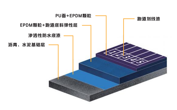 1、大亨環(huán)?;旌闲退苣z跑道采用雙組份PU底料混合EPDM顆粒為底層,面層為EPDM顆粒與雙組份聚氨酯跑道面漆結(jié)合噴涂。
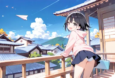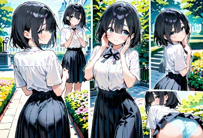 わーい! ぴくたーちゃんです♪ この画像、キッチンでかわいい女の子が料理してるの、めっちゃキュートだよ! 後ろ姿と正面の2つのアングルが面白くて、日常のほのぼのした感じがいいね。でも、構図が少しシンプ
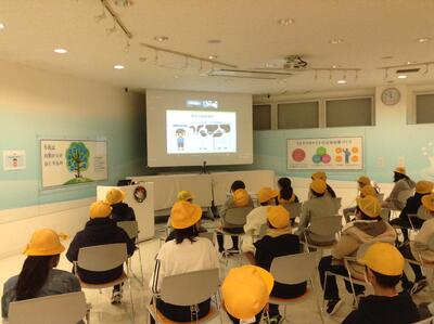 明治なるほどファクトリーでは、2グループに分かれて、管理栄養士の方とリモートで、乳製品の栄養分や牛の育て方などの話を聞く食育活動と工場見学を行いました。
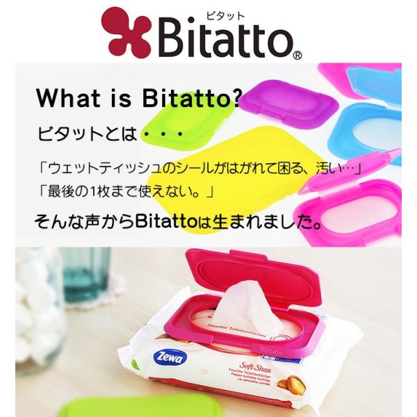 ウェットシートの取り口シールについたゴミやホコリや髪の毛などで、いつの間にかシールがはがれて乾燥して最後まで使えない!そんなイライラをBitattoが解消してくれます。
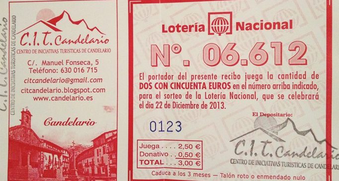 M.R. / La Lotería de Navidad sonrío escuetamente en Candelario con el número escogido por el Centro de Iniciativas Turísticas de Candelario. Así el 06.612 ha sido premiado por 100€ al décimo, o lo que es lo mismo, para quienes tengan una participación de 2,5 euros el premio es de 12,50€.
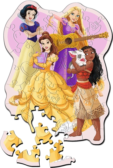Drvene puzzle DISNEY Princeze oduševit će svakoga tko traži lijepo i smisleno slaganje. Nepravilni oblici dijelova i skrivene figurice s princezama donose razigrani izazov koji će zabaviti i djecu i odrasle. Svaki dio je čvrst, postojanih boja i na stražnjoj strani dopunjen elegantnim uzorkom za još veći estetski doživljaj.
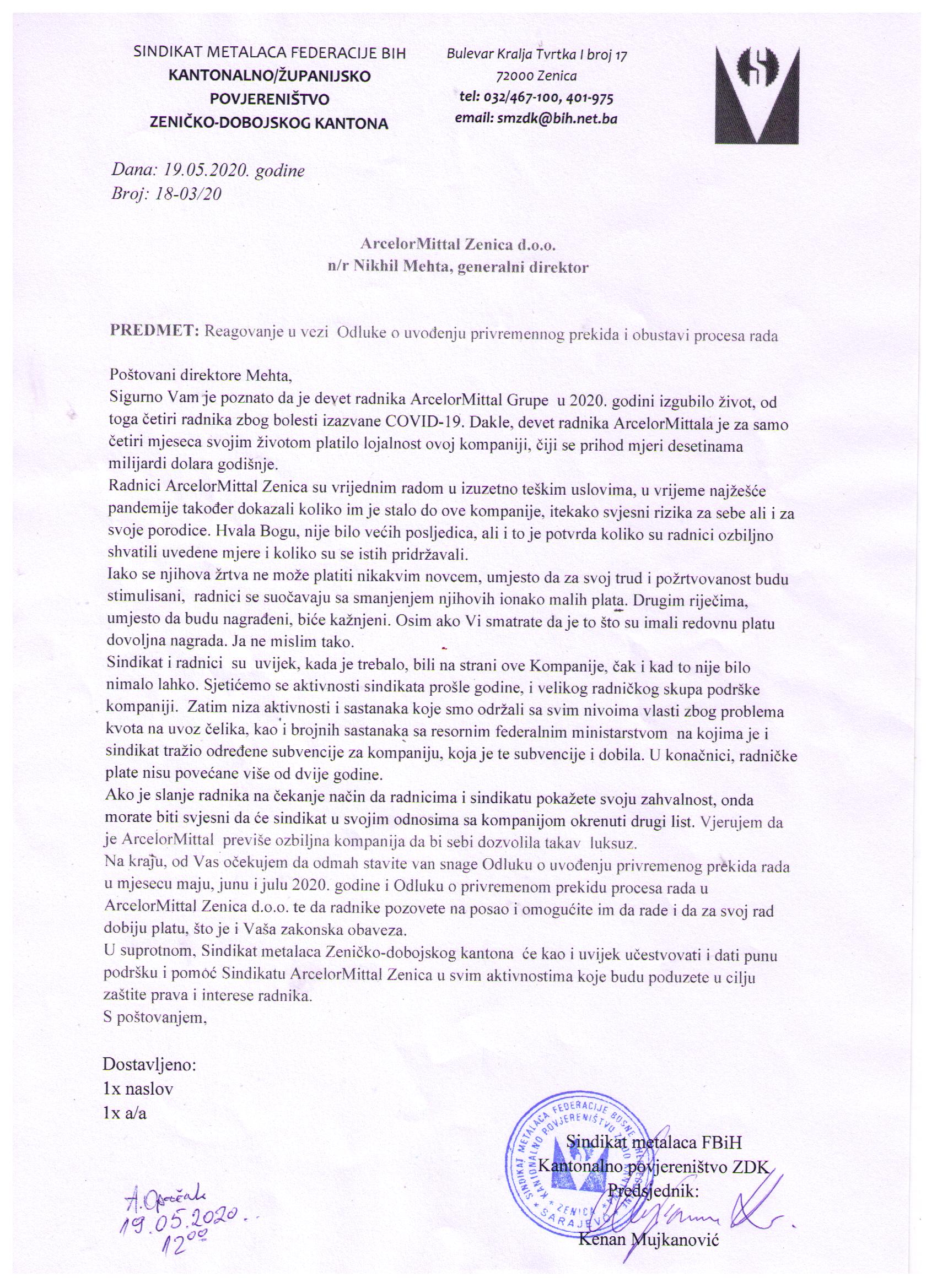 Na kraju, od Vas očekujem da odmah stavite van snage Odluku o uvođenju privremenog prekida rada u mjesecu maju, junu i julu 2020. godine i Odluku o privremenom prekidu procesa rada u ArcelorMittal Zenica d.o.o. te da radnike pozovete na posao i omogućite im da rade i da za svoj rad dobiju platu, što je i Vaša zakonska obaveza.
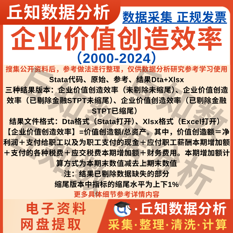 【高级数据】企业价值创造效率2024-2000上市公司数据Excel表含Stata代码过程
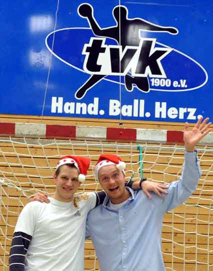 wünscht die gesamte Regionalliga-Mannschaft des TV Korschenbroich, hier durch Simon Breuer (lks.) und Marcel Leclaire vertreten.
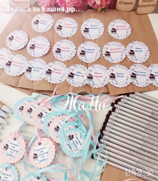 * опаковка с етикет с името на детето
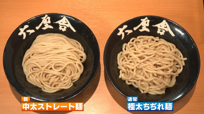 朝でも食べやすいように朝つけ麺専用の中太ストレート麺を開発。六厘舎の代名詞、極太ちぢれ麺と比べてもその差は一目瞭然です。
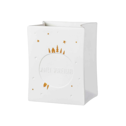 Räder Design Porcelain Light Bag – Winter Wonderland Looking for a unique and stunning gift? This beautiful porcelain light bag is designed in the style of a paper bag and features an embossed world with the words Winter Wonderland, surrounded by charming gold houses and stars for a festive touch. Perfect as a standalone decoration or as part of a collectible set, it brings warmth and magic to your Christmas décor. Carefully handcrafted and packaged in a branded box, it makes a wonderful gift for loved ones — and collecting all four styles creates an immersive festive display. Material: Porcelain, unglazed
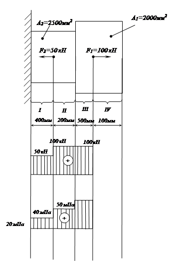 Участок I – не деформируется и продольные силы в нем будут равны нулю. N1 = 0 N2 = N3 = 100 кН N4 = F1 – F2 = 100 – 50 = 50 кН т.е. на всех участках брус растянут, а продольные силы будут равны: на участках II и III – 100 кН на участке IV – 50 кН Чтобы определить нормальные напряжения в поперечных сечениях бруса нужно разделить значения продольных сил на площади сечений. для участка II : σII
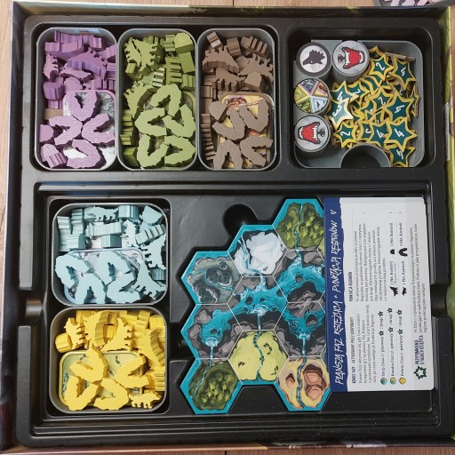 - Pojemnik na żetony Punktacji regionu, przypominające oraz zwierzyny
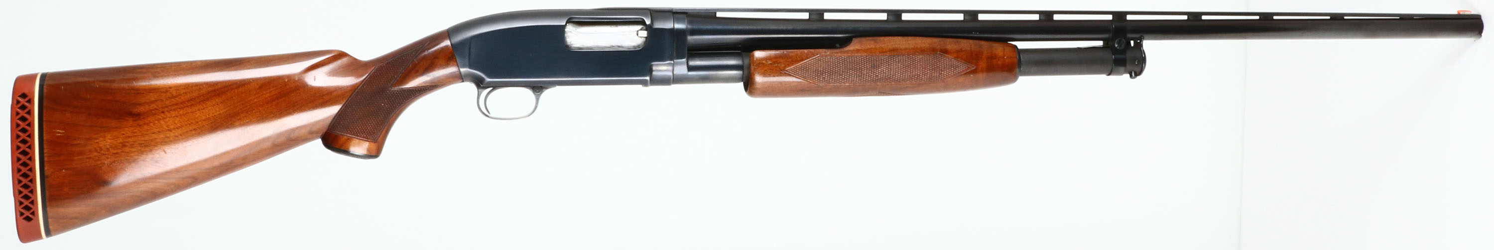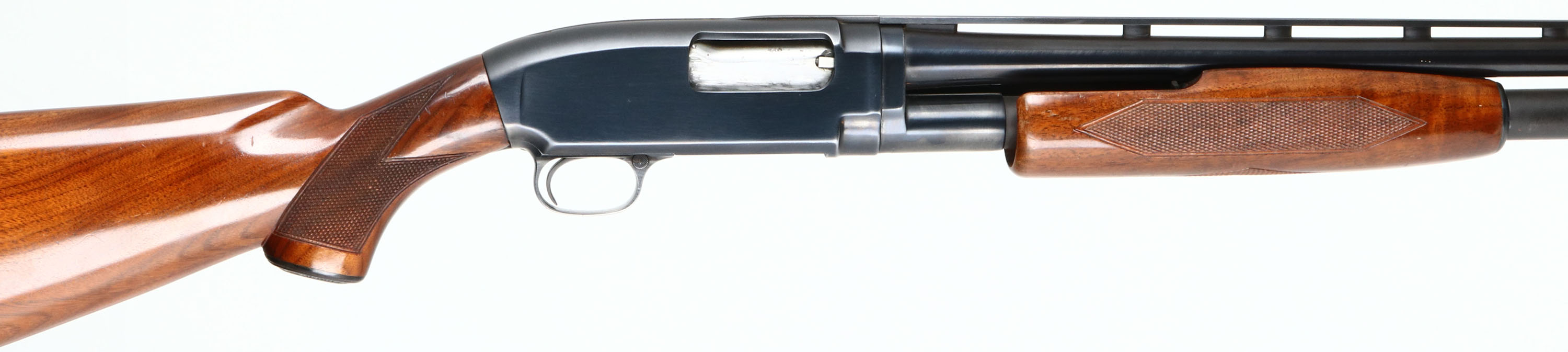 Winchester, Model 12 Deluxe, CAL: 20 GA, MFG: 1943, SN: 1656964, Pump Action Shotgun, Choke: MOD, 2 3/4'', 28'' Ventilated rib barrel. The deluxe checkered & capped pistol grip wood stocks are excellent, with nice flowing grain, particularly on the left side of the stock. There are a couple of small dings & scrapes to the original finish. The original metal blue finish rates 95% on the barrel, 90% on the receiver. Bore is excellent. Single front red fiber optic rod. Buttstock carries a ventilated Winchester recoil pad. 13 5/8'' LOP over pad. A very nice deluxe Winchester model 12. FFL or C&R Req. - Value: 800 to 1200
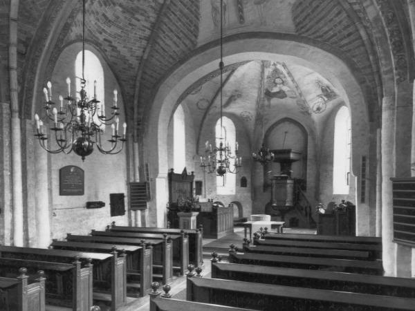 In de 14e eeuw werd het halfronde koor vervangen door een driezijdig gesloten gotisch koor met lancetvensters en versneden steunberen. De ruimte is, typerend voor het laatromaans, gedekt met meloenvormige koepelgewelven. Na de bouw werden in het koor figuratieve schilderingen aangebracht; Sebastiaan met de pijlen waarmee hij werd doorboord, Gregorius de Grote óf Fabianus – bronnen vermelden beide, maar door het kruis, het boek en de duif wijzen op Fabianus –, de kroning van Maria, de heilige Catharina met het rad, Christus met de symbolen van de vier evangelisten en Maria met het Christuskind.
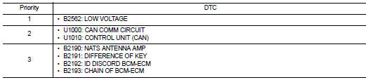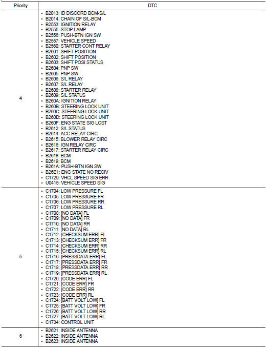 If some DTCs are displayed at the same time, perform inspections one by one based on the following priority chart.
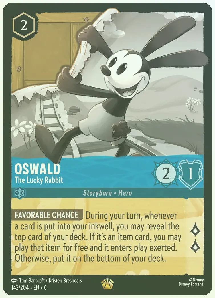 During your turn, whenever a card is put into your inkwell, you may reveal the top card of your deck. If it’s an item card, you may play that item for free and it enters play exerted. Otherwise, put it on the bottom of your deck.
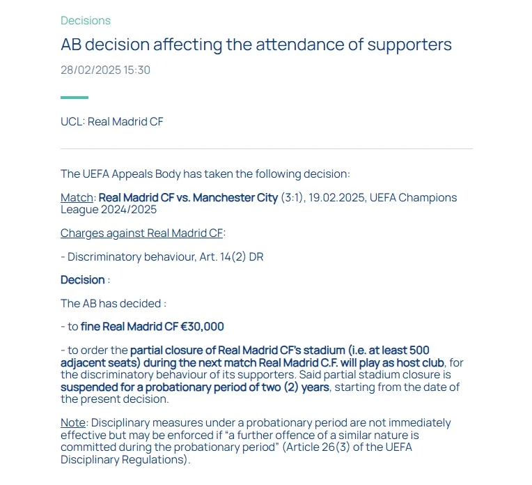 根据裁决书:“若皇马球迷在未来两年观察期内再次出现类似违规行为,将立即执行部分看台关闭措施。”该观察期自2月28日裁决公布之日起计算。除看台关闭警告外,欧足联还同步开出了立即生效的3万欧元罚单。
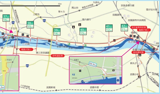 左側のマップは大師橋緑地から丸子橋まで、右側のマップは丸子橋から二子橋までです。
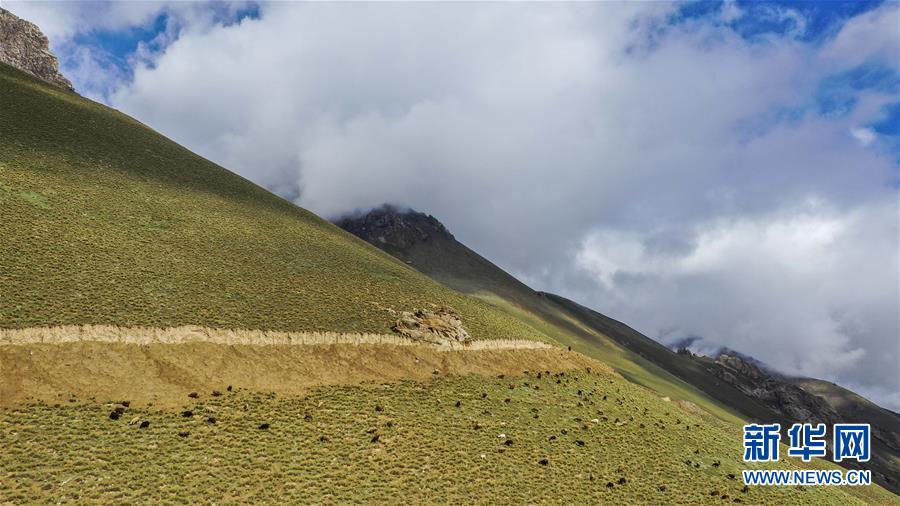 牛羊在拉依布拉克牧場覓食(6月22日無人機拍攝)。新華社記者 胡虎虎 攝
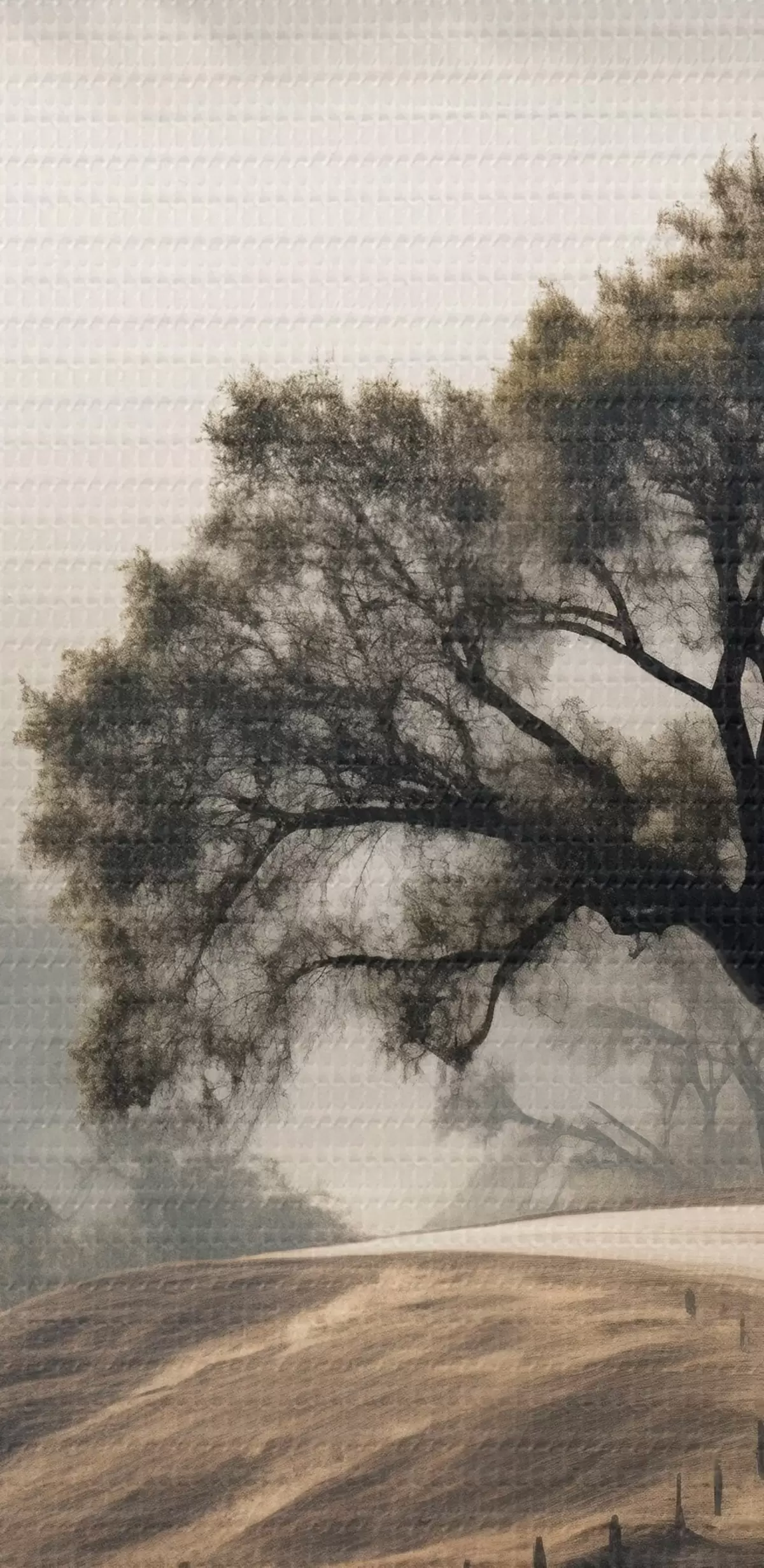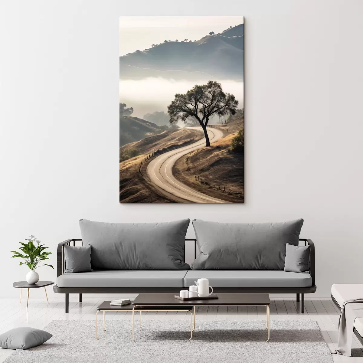 Obraz Kľukatá cesta cez zvlnené kopce s stromom v popredí, v pozadí hmla a hory Nr. s46288
* * * * * * * * *
Description of the task >> Using the records above, print exactly the run of lines that starts with the line with "ウェットシートの取り口シール" and goes on through the line with "M.R. / La Lotería", pictures excluded.

Response to the task >>
 ウェットシートの取り口シールについたゴミやホコリや髪の毛などで、いつの間にかシールがはがれて乾燥して最後まで使えない!そんなイライラをBitattoが解消してくれます。
 M.R. / La Lotería de Navidad sonrío escuetamente en Candelario con el número escogido por el Centro de Iniciativas Turísticas de Candelario. Así el 06.612 ha sido premiado por 100€ al décimo, o lo que es lo mismo, para quienes tengan una participación de 2,5 euros el premio es de 12,50€.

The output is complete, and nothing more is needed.